While its supporters may consider their campaign as “intellectually satisfying,” he regards it as “politically daft,” he said.
Moselle Paz Solis, president of the SOAS Jewish Society, described the vote as “divisive” and “discriminatory” and warned it would lead to a deterioration of relations between Israeli and Jewish students and other groups. She said they intended to take their concerns to SOAS Director Paul Webley. “He has a duty of care to foster good relations between different religious and ethnic groups – this referendum does the opposite,” she said.
A spokesman for the Fair Play Campaign told the Post the organization, which the Jewish community established to combat BDS and associated activity, was disappointed but not surprised at the result at one of the most anti-Israeli campuses in the UK.
The referendum, he added, was a biased process run by a Students’ Union that had already decided it would boycott Israel no matter what the result, and he noted that Jewish students and opponents of boycotts fought hard to defeat it.
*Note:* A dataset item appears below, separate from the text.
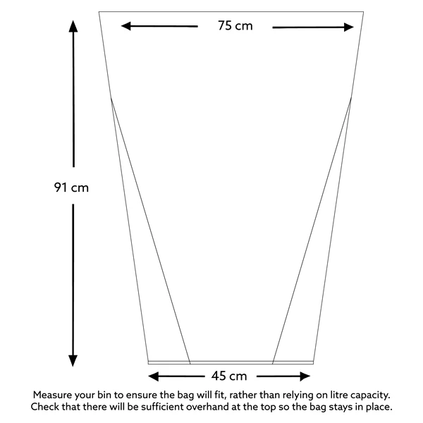 The bags have a 100L capacity but we always recommend that you compare the bag measurements to your bin to work out if they’re the correct size. Dimensions are 75cm (opening width) x 45cm (base width) x 91 cm (height).

“SOAS should be proud of its connection to a fine academic institution like Hebrew University and the opportunities this has afforded many SOAS students to enrich their understanding of the Middle East through study in Israel. We look now to the management of SOAS to guarantee that students of Hebrew at SOAS will still have the opportunity to study at Hebrew U as a part of their courses,” the Fair Play Campaign spokesman said.
A SOAS administration official commented that while the poll has been described as a “referendum” by the Students’ Union, SOAS itself had no involvement in it nor had it endorsed the ballot. The official emphasized that not only was the Students’ Union a completely independent organization but that fewer than 30% of the SOAS community had participated in the vote. Nor had details had been provided in advance as to what would constitute the necessary number of participants for a decision to be valid.
The official continued, “As highlighted in the Students’ Union’s own correspondence, the school has no legal obligation to act on the result of this vote,” adding that SOAS was committed to maintaining a neutral platform and ensuring that all members of its diverse community were free to express their opinions in a mutually respectful and collegial environment.
“This can only be conducted effectively in an atmosphere of open inquiry, mutual tolerance and intellectual freedom,” the official said.